───── Source data ─────

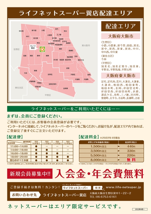 “おいしい” “ワクワク” “ハッピー” をお届けするライフコーポレーションは、4月20日(水)より大阪市生野区の「ライフ巽(たつみ)店」で「ライフネットスーパー」のサービスを開始いたしました。これまで近隣のライフから配送していたエリアに加えて、大阪市内・東大阪市内の配達エリアの拡大が実現いたしました。
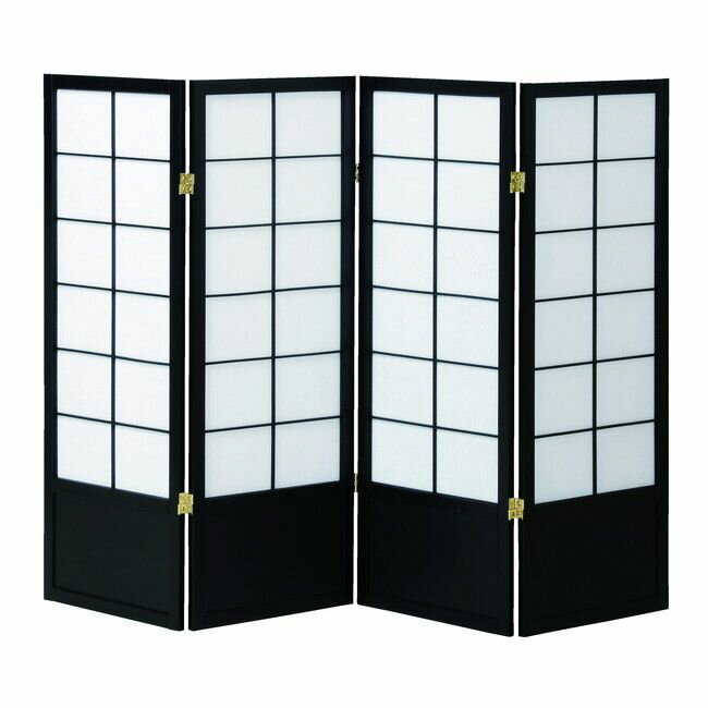 和風衝立/パーテーション 4連 【ブラック】 幅450×奥行20×高さ1200mm×4枚 木製 スチ・・・
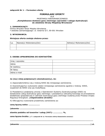 załącznik Nr 1 – Formularz oferty FORMULARZ OFERTY DLA PRZETARGU NIEOGRANICZONEGO „Kompleksowa dostawa gazu ziemnego (sprzedaż i usługa dystrybucji) do obiektów Straży Miejskiej Wrocławia” 1. ZAMAWIAJĄCY: Gmina Wrocław-Straż Miejska Wrocławia siedziba Zamawiającego: ul. Gwarna 5/7, 50-001 Wrocław 2. WYKONAWCA: Niniejsza oferta zostaje złożona przez: l.p. Nazwa(y) Wykonawcy(ów) Adres(y) Wykonawcy(ów) 3. OSOBA UPRAWNIONA DO KONTAKTÓW: Imię i nazwisko Adres Nr telefonu Nr faksu Adres e-mail Ja (my) niżej podpisany(i) oświadczam(y), że: 1) Zapoznałem(liśmy) się z treścią SIWZ dla niniejszego zamówienia. 2) Gwarantuję(my) wykonanie całości niniejszego zamówienia zgodnie z treścią: SIWZ, wyjaśnień do SIWZ oraz jej modyfikacji. 3) Posiadam(y) podpisaną umowę z Operatorem Systemu Dystrybucyjnego (OSD) na świadczenie usług dystrybucji gazu ziemnego / posiadam(y) aktualną koncesję na prowadzenie działalności gospodarczej w zakresie dystrybucji gazu ziemnego wydanej przez Prezesa Urzędu Regulacji Energetyki. (niepotrzebne skreślić) 4) Oferuję(my) wykonanie przedmiotu zamówienia za: cenę łączną netto: ……………… (słownie: ………………………………………………………………………………….................….) zł, stawka podatku od towarów i usług (VAT): ………...... %, cena łączna brutto ( „C“ z załącznik Nr 1a -Formularz oferty-Zestawienie cenowe) : …..............................................................................................................……………… (słownie: ……………………………………………………………………………………..................) zł. 5) Podana całkowita cena brutto obejmuje wszystkie koszty niezbędne do należytego wykonania zamówienia. 6) Oferuję(my) wykonanie przedmiotowego zamówienia w terminie określonym w SIWZ. 7) Uważam(y) się za związanych niniejszą ofertą na czas wskazany w SIWZ, tj. 30 dni od terminu składania ofert. 8) W przypadku uznania mojej (naszej) oferty za najkorzystniejszą zobowiązuję(emy) się zawrzeć umowę w miejscu i terminie jakie zostaną wskazane przez Zamawiającego. 9) Składam(y) niniejszą ofertę we własnym imieniu / jako Wykonawcy wspólnie ubiegający się o udzielenie zamówienia. (niepotrzebne skreślić) 10) Nie uczestniczę(ymy) jako Wykonawca w jakiejkolwiek innej ofercie złożonej w celu udzielenie niniejszego zamówienia. 11) Na podstawie art. 8 ust. 3 ustawy z dnia 29 stycznia 2004 r. Prawo zamówień publicznych (tekst jednolity Dz. U. z 2010 r. nr 113 poz. 759 z późn. zm.), żadne z informacji zawartych w ofercie nie stanowią tajemnicy przedsiębiorstwa w rozumieniu przepisów o zwalczaniu nieuczciwej konkurencji / wskazane poniżej informacje zawarte w ofercie stanowią tajemnicę przedsiębiorstwa w rozumieniu przepisów o zwalczaniu nieuczciwej konkurencji i w związku z niniejszym nie mogą być one udostępniane, w szczególności innym uczestnikom postępowania (niepotrzebne skreślić) l.p. oznaczenie rodzaju (nazwa) informacji strony w ofercie od do 12) Nie zamierzam(y) powierzać do podwykonania żadnej części niniejszego zamówienia podwykonawcom / następujące części niniejszego zamówienia zamierzam(y) powierzyć podwykonawcom (niepotrzebne skreślić) : l.p. Wykaz części zamówienia powierzonych podwykonawcy 1 2 _________________________________ data, imię i nazwisko podpis uprawnionego przedstawiciela Wykonawcy pieczęć firmowa wykonawcy załącznik Nr 1a -Formularz oferty-Zestawienie cenowe FORMULARZ OFERTY zestawienie cenowe DLA PRZETARGU NIEOGRANICZONEGO „Kompleksowa dostawa gazu ziemnego (sprzedaż i usługa dystrybucji) do obiektów Straży Miejskiej Wrocławia” 1. ZAMAWIAJĄCY: Gmina Wrocław-Straż Miejska Wrocławia siedziba Zamawiającego: ul. Gwarna 5/7, 50-001 Wrocław 2. WYKONAWCA: Niniejsza oferta zostaje złożona przez: l.p. Nazwa(y) Wykonawcy(ów) 3. Adres(y) Wykonawcy(ów) ZESTAWIENIE CEN: TABELA NR 1 obiekt ul.Pautscha 4 pierwszy układ pomiarowy b=moc umowna, gdzie b <= 10 m3/h 1 ilość jednostek 2 paliwo gazowe 32 640m3 opłata -abonament za sprzedaż paliwa gazowego 24m-cy opłata sieciowa zmienna 32 640m3 opłata sieciowa stała 24m-c cena jednostkowa netto 3 wartość netto (kol.2xkol.3) 4 stawka vat w % 5 C1 =cena brutto z Tabeli Nr1 wartość brutto (kol.4+ kol.4 x kol.5) 6 suma z kol.6 ................... TABELA NR 2 obiekt ul.Pautscha 4 drugi układ pomiarowy b=moc umowna, gdzie b <= 10 m3/h ilość jednostek 1 2 paliwo gazowe 260m3 opłata -abonament za sprzedaż paliwa gazowego 24m-cy opłata sieciowa zmienna 260m3 opłata sieciowa stała 24m-cy C1 =cena brutto z Tabeli Nr1 cena jednostkowa netto 3 wartość netto (kol.2xkol.3) 4 stawka vat w % 5 wartość brutto (kol.4+ kol.4 x kol.5) 6 suma z kol.6 ................... TABELA NR 3 obiekt ul.Kosmonautów 274 b=moc umowna, gdzie 10<b<=65m3/h ilość jednostek 1 cena jednostkowa netto 2 paliwo gazowe 84 000 m3 opłata -abonament za sprzedaż paliwa gazowego 24 m-cy opłata sieciowa zmienna 84000m3 wartość netto (kol.2xkol.3) 3 4 stawka vat wartość brutto w% (kol.4+ kol.4 x kol.5) 5 6 opłata sieciowa stała przy 2 lata x 8760h w mocy zamówionej 58m3/h w roku x 58m3/h (moc okresie 24 m-cy zamówiona)= 1016160 C3=cena brutto z Tabeli Nr3 suma z kol.6 ................... Ceny jednostkowe podane przez Wykonawcę za sprzedaż gazu, opłaty abonamentowe i za usługę dystrybucji (opłaty stałe i zmienne) nie mogą być wyższe niż ceny obowiązujące na dzień składania oferty (zgodne z obowiązującą taryfą Wykonawcy zatwierdzoną przez Prezesa Urzędu Regulacji Energetyki). 4. OBLICZENIE CENY CAŁKOWITEJ BRUTTO Cenę całkowitą brutto należy obliczyć wg wzoru: C=C1+C2+C3 TABELA NR 4 oznaczenie cena w zł 1 2 C1 (cena brutto , to jest suma z kolumny 6 Tabela Nr1) .....................................zł C2 (cena brutto, to jest suma z kolumny 
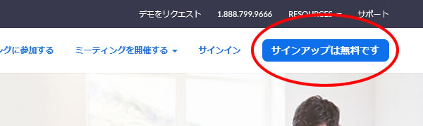 Zoomの公式サイトにアクセスし、画面右上の<サインアップは無料です>ボタンをクリックします。
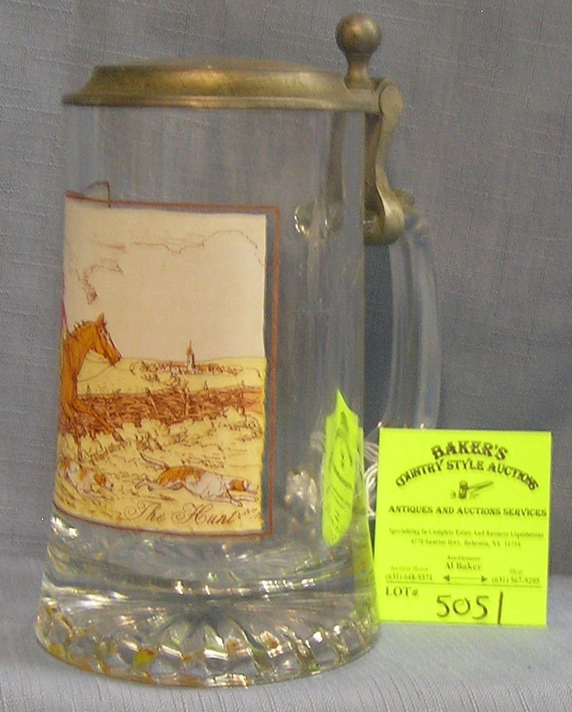 Vintage crystal beer stein with pewter lid featuring hunting scene $75.00-$100.00
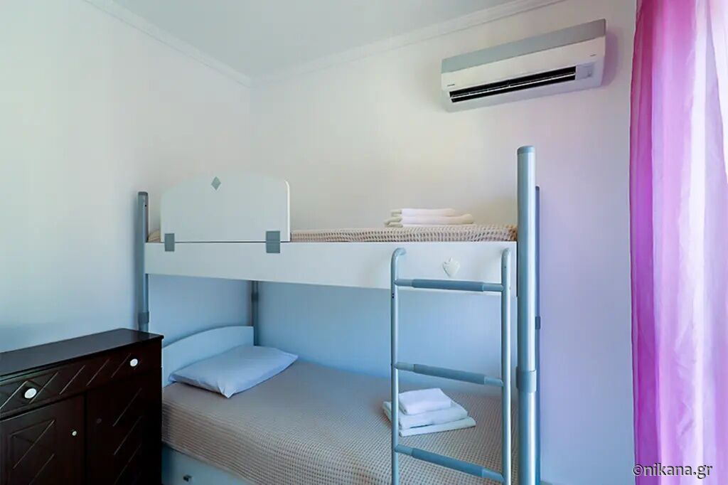 The house is arranged on two levels and is intended to accommodate a maximum of eight adults. On the ground floor, there is a living room, kitchen, and toilet, while on the first floor, there are three bedrooms and a bathroom. The first and second bedrooms are equipped with queen-size beds, while the third bedroom features bunk beds, making this house suitable for both groups of friends and families with children. The living room contains two single sofas, further increasing the capacity and flexibility of the accommodation. All rooms are clearly separated, functionally arranged, and provide enough space for the stay of a larger number of guests, with the possibility of privacy for each member of the group.
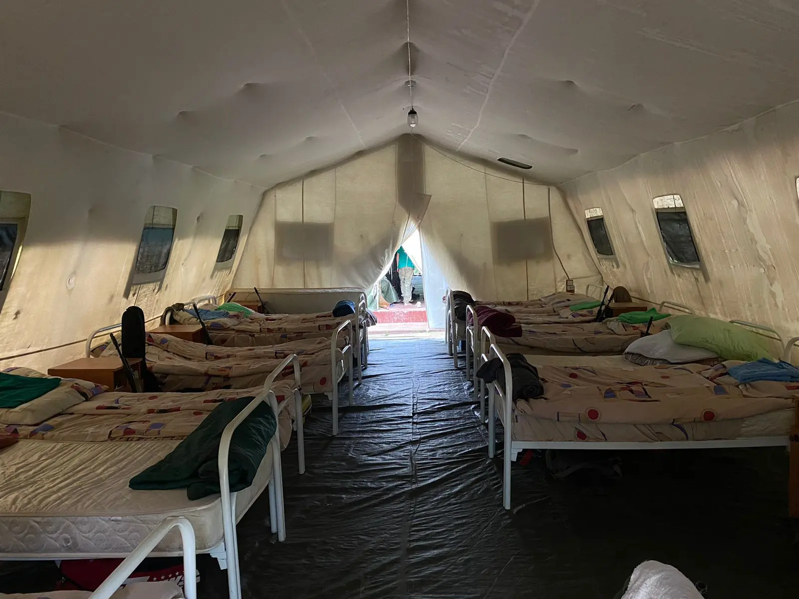 На территории есть кухня и столовая, медицинский пункт, а также базовые коммуникации: водопровод, канализация, туалеты, душевые кабины, горячая вода.

─────

The problem:
Pictures are to be omitted; otherwise, every line from the first line of the listing through the line containing "和風衝立/パーテーション 4連 【ブラック】" must be reproduced exactly, both ends included.

Task response:
 “おいしい” “ワクワク” “ハッピー” をお届けするライフコーポレーションは、4月20日(水)より大阪市生野区の「ライフ巽(たつみ)店」で「ライフネットスーパー」のサービスを開始いたしました。これまで近隣のライフから配送していたエリアに加えて、大阪市内・東大阪市内の配達エリアの拡大が実現いたしました。
 和風衝立/パーテーション 4連 【ブラック】 幅450×奥行20×高さ1200mm×4枚 木製 スチ・・・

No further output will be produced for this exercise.